В последние недели мирные часы были редкостью. Почти не проходило вечера без домашней драмы, которая обрушивалась на них без видимой причины, помимо их желания и по ничтожным поводам; а выходные дни превращались в сплошную череду мужественно таимого несчастья, вымученной, фальшивой весёлости и внезапных приступов слёз. Пока поезд подъезжал к станции, Леон вспоминал вчерашнюю драму. Она началась после того, как он уложил малыша в постель и, как обычно, рассказал ему сказку на ночь. Когда он, вернувшись в гостиную, взял из шкафа коробку с деталями тех настенных часов эпохи Наполеона III, ржавое нутро которых он купил на блошином рынке и месяцами пытался запустить, Ивонна ни с того ни с сего назвала его монстром равнодушия и бесчувствия, прямо в тапочках сбежала по лестнице на улицу Дез Эколь да так и стояла там, беспомощно глотая слёзы в вечерних сумерках, пока Леон не выбежал за ней и не отвёл под локоть обратно домой. Он усадил её на диван, накинул ей на плечи одеяло, сунул в печь брикеты, убрал с глаз долой коробку с настенными часами и поставил чай. Потом он, отчасти лукавя, отчасти искренне, извинился за свою невнимательность и спросил, что её так расстроило. И поскольку она не знала ответа, он ушёл на кухню за шоколадом, а она сидела на диване и чувствовала себя ненужной, глупой и мерзкой.

– Скажи мне честно, Леон, я тебе ещё нравлюсь?

– Ты моя жена, Ивонна, ты же знаешь.

– У меня пятна на лице, и я ношу лечебные чулки от варикоза. Как старуха.

– Это пройдёт, дорогая. Да это и неважно.

– Вот видишь, тебе наплевать.

– Неправда.

– Ты только что сказал, что это неважно. Я тебя понимаю, мне на твоём месте тоже было бы всё равно.

– Да что ты такое говоришь! Мне не всё равно!

– На твоём месте я бы давно ушла. Скажи честно, Леон, у тебя есть другая?

– Да нет же. Я тебе не изменяю, ты это прекрасно знаешь.

– Да, конечно, я знаю, – Ивонна горько кивнула. – Ты никогда ничего такого не сделаешь, и всё по одной простой причине: потому что это неправильно. Ты делаешь только то, что правильно, не так ли? Ты всегда такой спокойный, ты никогда не смог бы мне изменить, мой честный Леон, даже если бы очень захотел. Ты никогда не пойдёшь вразрез со своими принципами.

– Ты считаешь, что это неправильно – не делать ничего неправильного?

– Иногда мне хотелось бы вывести тебя из равновесия, понимаешь? Иногда мне хотелось бы, чтобы ты хоть раз, единственный раз потерял самообладание – ударил бы меня и ребёнка, напился бы, провёл ночь с проституткой.

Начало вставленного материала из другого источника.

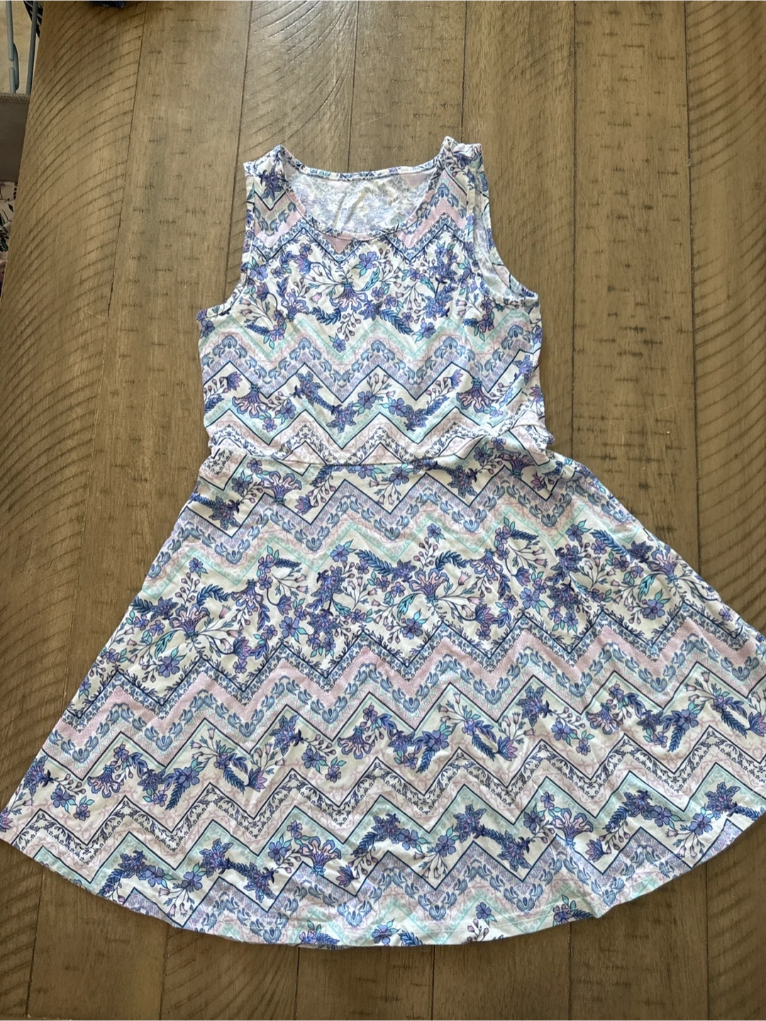 This girls' sleeveless dress features a fun floral and chevron print. It's made from a soft, stretchy material for comfortable wear. The empire waist and flared skirt give it a playful silhouette. Perfect for warm weather! Machine washable.

– Ты говоришь о вещах, которых на самом деле не хочешь, Ивонна.

– Почему ты обращаешься со мной так, будто я твоя мать?

– Что ты имеешь в виду?

– Почему ты никогда не обнимешь меня, ты уже неделями ложишься, отодвигаясь от меня на самый край кровати?

– Потому что когда я тебя целую, ты вздрагиваешь. Потому что когда я глажу твои волосы, ты разражаешься слезами и называешь меня лицемером. Потому что в постели ты обругала меня похотливой обезьяной и требовала оставить тебя в покое. Я так и сделал, а теперь ты именно поэтому рыдаешь. Скажи, что мне делать.

Ивонна засмеялась и вытерла слёзы.

– Тебе и правда нелегко, мой бедный Леон. Давай больше не будет ругаться, ладно? Но давай и не будем друг друга обманывать и притворяться. Давай говорить откровенно. Чего я хочу, я не могу от тебя требовать, а чего хочешь ты, я не могу тебе дать.

– Это бред, Ивонна. Ты моя жена, и ты для меня хорошая жена. Я твой муж, и я стараюсь быть тебе хорошим мужем. Только это важно. Всё остальное устроится.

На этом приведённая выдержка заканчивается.